Exercise instructions: Under this line are the records; repeat exactly the lines starting at the one containing "The most famous" and ending at the one containing "Adi Gitamaha, visit", omitting pictures.

Data extract:
-=-=-=-=-

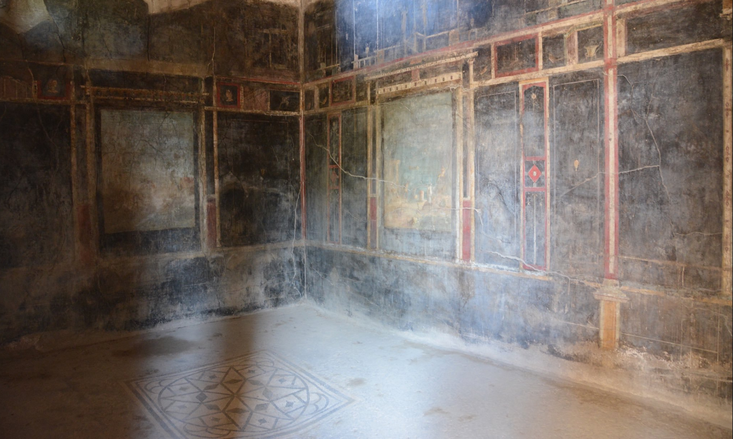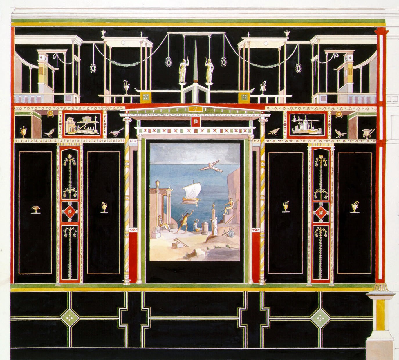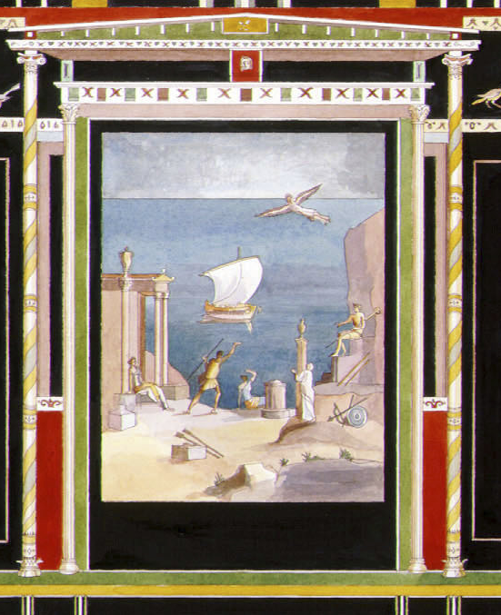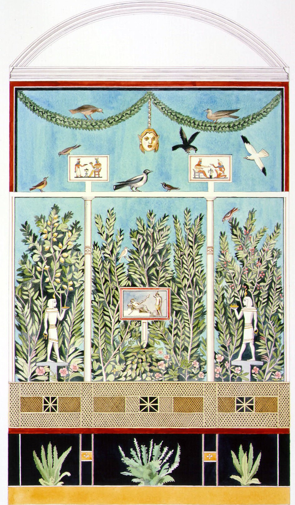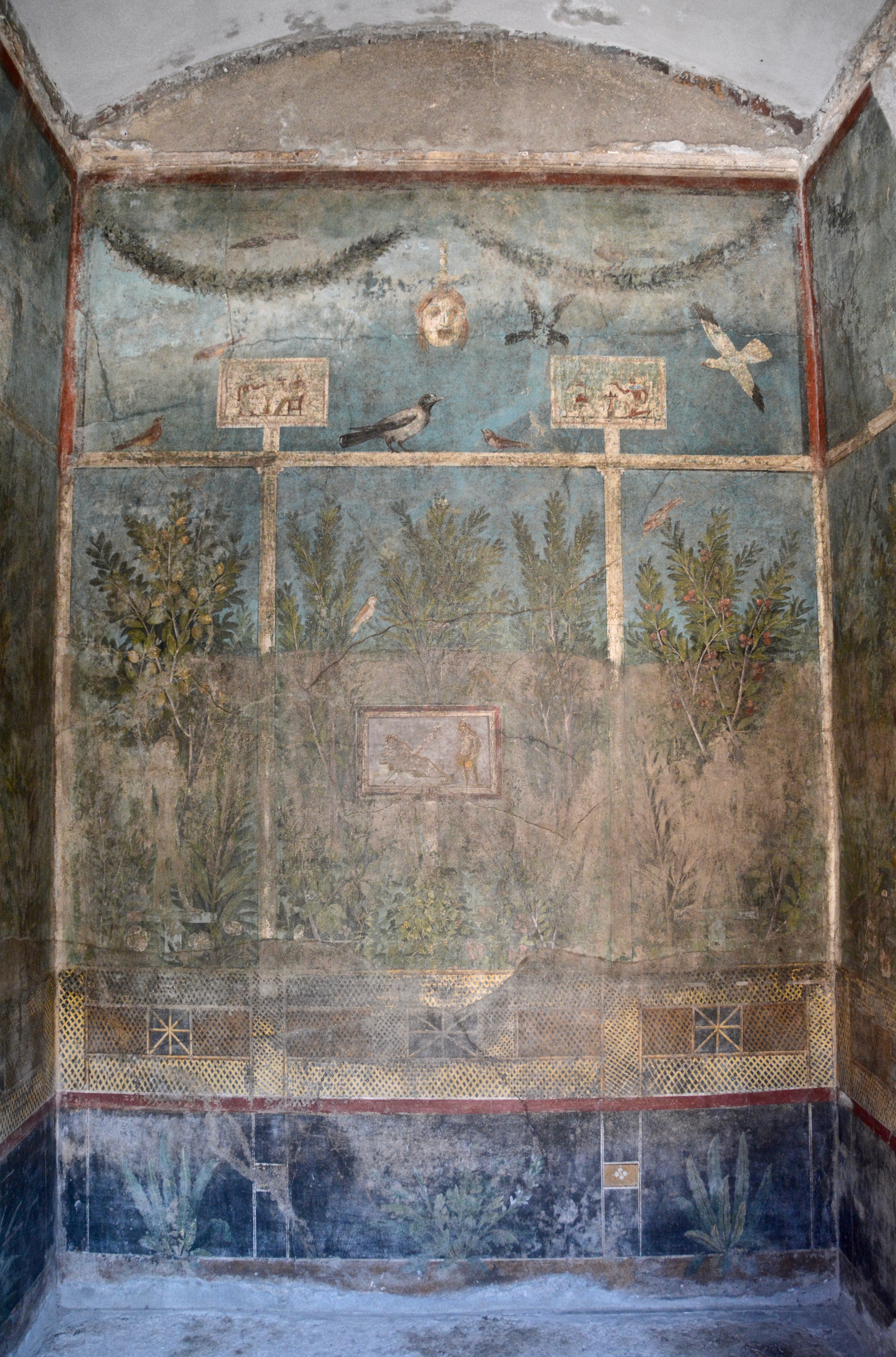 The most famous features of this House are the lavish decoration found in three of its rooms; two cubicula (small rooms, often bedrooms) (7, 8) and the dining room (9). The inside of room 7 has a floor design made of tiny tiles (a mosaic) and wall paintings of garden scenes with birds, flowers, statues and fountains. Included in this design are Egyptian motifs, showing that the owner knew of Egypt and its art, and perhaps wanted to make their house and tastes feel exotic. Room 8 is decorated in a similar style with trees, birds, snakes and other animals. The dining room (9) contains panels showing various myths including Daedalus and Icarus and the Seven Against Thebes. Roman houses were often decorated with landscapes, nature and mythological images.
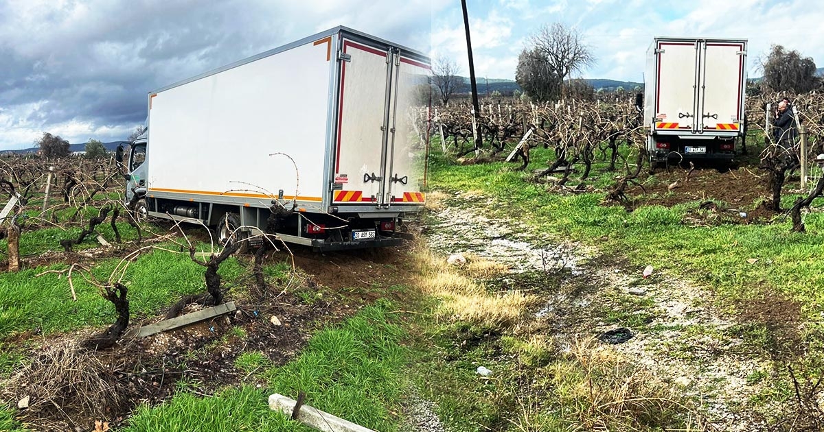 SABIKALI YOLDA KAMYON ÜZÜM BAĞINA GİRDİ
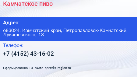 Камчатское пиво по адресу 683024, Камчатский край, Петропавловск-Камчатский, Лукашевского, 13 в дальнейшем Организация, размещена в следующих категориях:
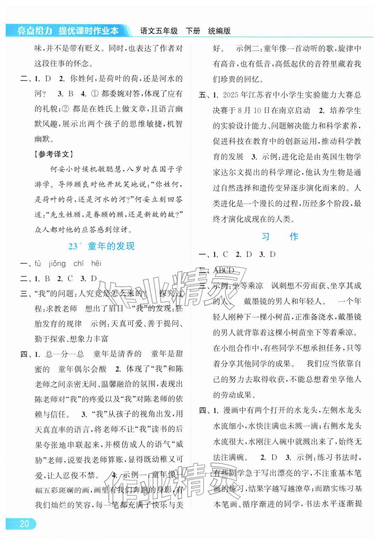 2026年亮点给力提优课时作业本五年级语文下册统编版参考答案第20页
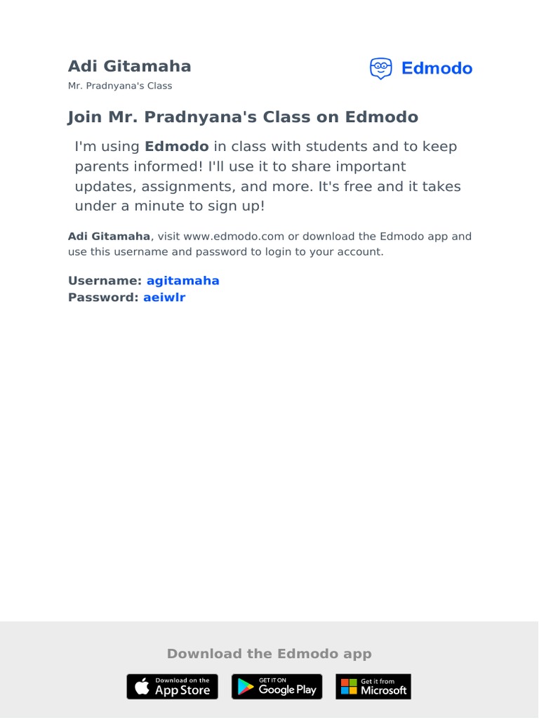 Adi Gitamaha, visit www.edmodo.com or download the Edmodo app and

-=-=-=-=-

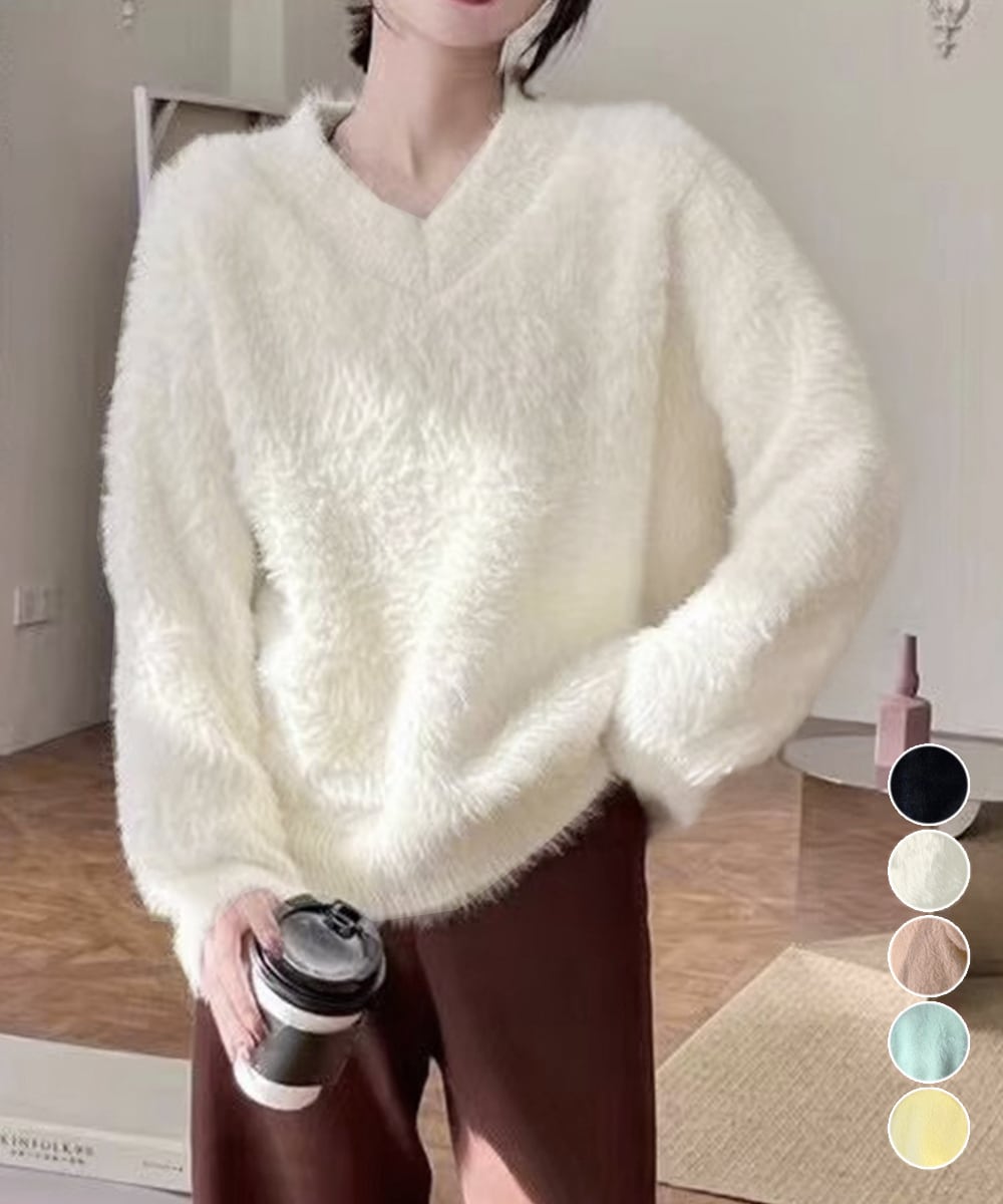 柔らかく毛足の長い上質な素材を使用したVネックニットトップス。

-=-=-=-=-

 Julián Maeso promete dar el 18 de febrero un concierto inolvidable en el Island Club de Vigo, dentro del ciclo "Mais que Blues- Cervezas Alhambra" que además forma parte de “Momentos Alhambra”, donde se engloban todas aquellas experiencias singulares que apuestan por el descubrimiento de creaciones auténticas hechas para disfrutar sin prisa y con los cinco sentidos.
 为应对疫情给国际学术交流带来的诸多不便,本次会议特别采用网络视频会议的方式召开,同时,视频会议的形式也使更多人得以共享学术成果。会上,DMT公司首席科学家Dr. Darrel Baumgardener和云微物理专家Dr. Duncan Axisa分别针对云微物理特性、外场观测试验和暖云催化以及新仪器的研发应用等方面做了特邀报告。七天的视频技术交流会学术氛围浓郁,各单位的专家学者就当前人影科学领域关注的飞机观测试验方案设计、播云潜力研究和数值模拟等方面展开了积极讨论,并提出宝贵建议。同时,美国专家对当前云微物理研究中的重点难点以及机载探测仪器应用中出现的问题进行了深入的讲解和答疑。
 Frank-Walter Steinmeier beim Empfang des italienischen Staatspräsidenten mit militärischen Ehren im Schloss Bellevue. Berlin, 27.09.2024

-=-=-=-=-

The answer:
 The most famous features of this House are the lavish decoration found in three of its rooms; two cubicula (small rooms, often bedrooms) (7, 8) and the dining room (9). The inside of room 7 has a floor design made of tiny tiles (a mosaic) and wall paintings of garden scenes with birds, flowers, statues and fountains. Included in this design are Egyptian motifs, showing that the owner knew of Egypt and its art, and perhaps wanted to make their house and tastes feel exotic. Room 8 is decorated in a similar style with trees, birds, snakes and other animals. The dining room (9) contains panels showing various myths including Daedalus and Icarus and the Seven Against Thebes. Roman houses were often decorated with landscapes, nature and mythological images.
 SABIKALI YOLDA KAMYON ÜZÜM BAĞINA GİRDİ
 Камчатское пиво по адресу 683024, Камчатский край, Петропавловск-Камчатский, Лукашевского, 13 в дальнейшем Организация, размещена в следующих категориях:
 2026年亮点给力提优课时作业本五年级语文下册统编版参考答案第20页
 Adi Gitamaha, visit www.edmodo.com or download the Edmodo app and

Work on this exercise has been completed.